Payer returns ERA's automatically once electronic claim submission begins. Payer returns ERA's automatically once electronic claim submission begins.
Page 6 of 130
Payer Name
AllCare Advantage Allcare Health CCO Allcare Health CCO AllCare IPA AllCare IPA Allegiance Benefit Plan Management Inc. Allegiance Benefit Plan Management Inc. Alliance Behavioral Health Alliance Behavioral Health Alliance Coal Health Plan Alliance Coal Health Plan Alliance IPA
Alliance Physicians High Desert Alliance Physicians High Desert
Alliance Physicians Medical Group Alliance Physicians Medical Group Alliant Health Plans of Georgia Alliant Health Plans of Georgia Allianz Global Assistance Allied Benefit Systems Allied Benefit Systems Allied Healthcare
Allied Healthcare
Allied Pacific of California Allied Pacific of California Allied Physicians Medical Group Allied Physicians Medical Group Allina Health Aetna Allina Health Aetna AllWays Health Partners
AllWays Health Partners
Experian Health Payer List
Payer Code
MRCHP MRIPA MRIPA AC101 AC101 81040 81040 23071 23071 93658 93658
HCP01
22417 22417 APP01 APP01 58234 58234 50749 37308 37308 ALLCA
ALLCA NMM01 NMM01 NMM01 NMM01 54398 54398 04293
04293
Trans action
837 837 835 837 835 837 835 837 835 837 835
837
837
835
837 835 837 835 837 837 835
837
835
837 835 837 835 837 835
837
835
Available I PD
Enrollment I PD
COB I PD
Attachments I PD
Notes
Former payer ID 26160
This payer is now part of OptumCare Network. Please submit claims using payer code OCN01. EFT enrollment is required in order to obtain ERA's
Payer Returns ERA Automatically
Payer returns ERA's automatically once electronic claim submission begins. Payer returns ERA's automatically once electronic claim submission begins.

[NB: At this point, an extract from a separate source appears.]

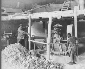 Il faudra attendre le milieu du XX° siècle pour que les conditions très pénibles de ce travail soient améliorées. Jusqu’à cette période, les ouvriers devaient casser la pierre à la barre à mine pour passer ensuite les morceaux dans des broyeurs.

Formerly known as Neighborhood Health Plan Formerly known as Neighborhood Health Plan
Page 7 of 130
Payer Name
Allwell of Arkansas Health & Wellness Allwell of Arkansas Health & Wellness
Alpha Care Medical Group Alpha Care Medical Group Alta Bates Medical Group ALTA Health Strategies AltaMed
AltaMed Altius Health Plans Altius Health Plans Alvarado IPA Always Care Vision AMA Insurance Agency AMA Insurance Agency AMA Insurance Agency AMA Insurance Agency Amalgamated Life Amalgamated Life Amalgamated Life - PA / Alicare Ambay Health Network I & P Ambetter of Illinois Ambetter of Illinois
AMCO AmeriBen Solutions Inc. AmeriBen Solutions Inc. Americaid Community Care (New Jersey) American Administrative Group American Behavioral American Benefit Plan Administrators American Benefit Plan Administrators American Family Insurance American Family Insurance American Family Medicare Sup and PPO Policies Administered by Am Rep
Experian Health Payer List
Payer Code
68069
68069
NMM04 NMM04 A0701 25133
ALTAM
ALTAM 25133 25133 SYMED ATR01 AMAIA TH071 AMAIA TH071 13550 13550 13343 AMBHN 68069
68069
62176 75137 75137 27516 75240 63103 95170 95170 12T31 TH095 56071
Trans action
837
835
837 835 837 837
837
835 837 835 837 837 837 837 835 835 837 835 837 837 837
835
837 837 835 837 837 837 837 835 837 837 837
Available I PD
Enrollment I PD
COB I PD
Attachments I PD
Notes
ERA Payer Code 68069; ERA requires EFT enrollment Former payer code MPM32.
Effective 3/27/19, the new payer ID is ALTAM
ERA Payer Code 25133
ERA Payer Code 68069; ERA requires EFT enrollment
Page 8 of 130
................
................
In order to avoid copyright disputes, this page is only a partial summary.
To fulfill the demand for quickly locating and searching documents.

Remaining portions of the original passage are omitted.